* _DATA_
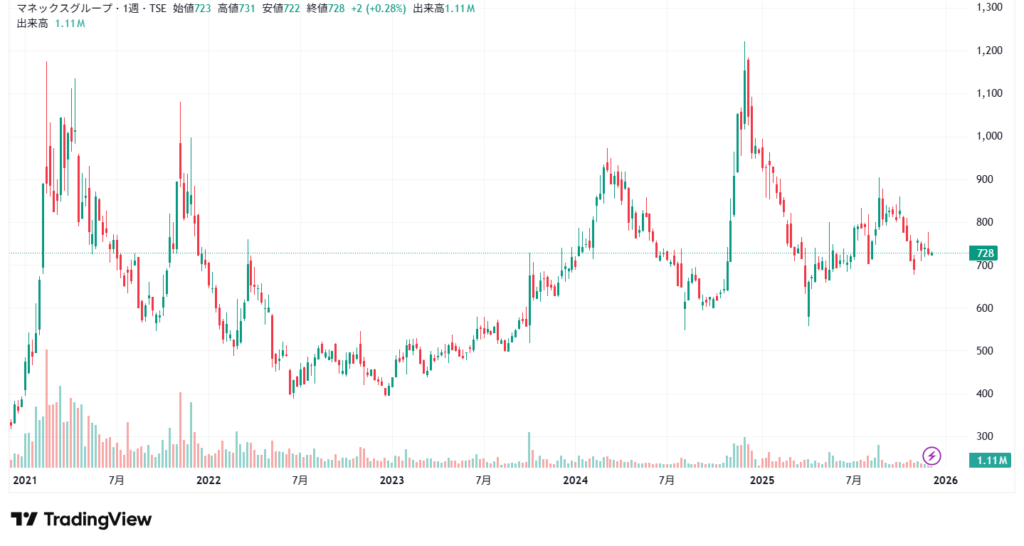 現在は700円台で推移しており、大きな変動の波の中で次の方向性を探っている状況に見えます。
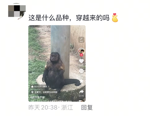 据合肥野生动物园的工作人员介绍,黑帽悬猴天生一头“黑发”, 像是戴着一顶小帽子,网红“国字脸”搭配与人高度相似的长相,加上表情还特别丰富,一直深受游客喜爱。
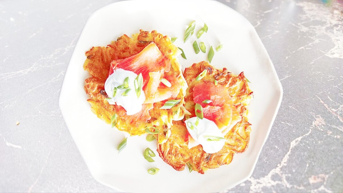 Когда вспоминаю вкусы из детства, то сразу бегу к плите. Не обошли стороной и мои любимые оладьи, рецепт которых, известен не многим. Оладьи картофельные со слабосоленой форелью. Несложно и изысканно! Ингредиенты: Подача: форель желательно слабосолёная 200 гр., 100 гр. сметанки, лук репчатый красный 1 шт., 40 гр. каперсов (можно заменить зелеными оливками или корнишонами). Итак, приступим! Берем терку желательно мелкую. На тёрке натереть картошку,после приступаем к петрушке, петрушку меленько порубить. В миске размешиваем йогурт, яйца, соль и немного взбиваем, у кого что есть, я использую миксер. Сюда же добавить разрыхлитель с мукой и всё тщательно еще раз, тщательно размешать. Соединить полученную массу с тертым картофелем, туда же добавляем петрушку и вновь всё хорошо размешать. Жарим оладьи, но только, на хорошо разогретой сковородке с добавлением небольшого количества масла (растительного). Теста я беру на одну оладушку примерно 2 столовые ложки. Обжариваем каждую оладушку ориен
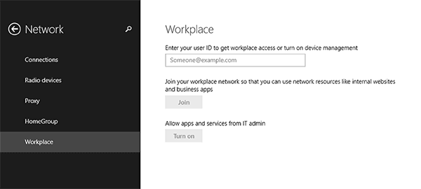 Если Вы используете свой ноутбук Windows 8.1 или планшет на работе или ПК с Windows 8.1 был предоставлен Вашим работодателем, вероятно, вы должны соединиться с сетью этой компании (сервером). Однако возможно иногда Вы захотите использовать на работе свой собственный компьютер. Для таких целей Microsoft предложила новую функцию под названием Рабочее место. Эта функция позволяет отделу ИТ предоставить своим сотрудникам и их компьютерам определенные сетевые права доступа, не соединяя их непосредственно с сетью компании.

* * *

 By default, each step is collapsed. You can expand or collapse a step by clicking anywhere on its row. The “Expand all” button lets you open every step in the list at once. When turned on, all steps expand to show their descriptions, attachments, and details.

...

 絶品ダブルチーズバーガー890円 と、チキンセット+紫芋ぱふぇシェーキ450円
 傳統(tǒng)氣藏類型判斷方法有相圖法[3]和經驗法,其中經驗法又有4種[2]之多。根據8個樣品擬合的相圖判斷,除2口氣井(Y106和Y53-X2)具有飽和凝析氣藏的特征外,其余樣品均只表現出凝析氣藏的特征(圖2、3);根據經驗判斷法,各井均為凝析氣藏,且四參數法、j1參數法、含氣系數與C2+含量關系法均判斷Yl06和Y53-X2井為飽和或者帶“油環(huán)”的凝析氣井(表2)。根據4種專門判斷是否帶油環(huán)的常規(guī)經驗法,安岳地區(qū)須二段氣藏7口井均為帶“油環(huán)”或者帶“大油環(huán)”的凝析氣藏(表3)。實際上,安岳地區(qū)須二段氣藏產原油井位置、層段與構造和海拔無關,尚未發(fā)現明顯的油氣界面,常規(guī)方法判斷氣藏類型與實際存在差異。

* _BRIEF_
An exact copy is needed. It runs from the line above containing "現在は700円台で推移してお" down to the line containing "据合肥野生动物园的工作人员介", both included, with no pictures.

* _RESPONSE_
 現在は700円台で推移しており、大きな変動の波の中で次の方向性を探っている状況に見えます。
 据合肥野生动物园的工作人员介绍,黑帽悬猴天生一头“黑发”, 像是戴着一顶小帽子,网红“国字脸”搭配与人高度相似的长相,加上表情还特别丰富,一直深受游客喜爱。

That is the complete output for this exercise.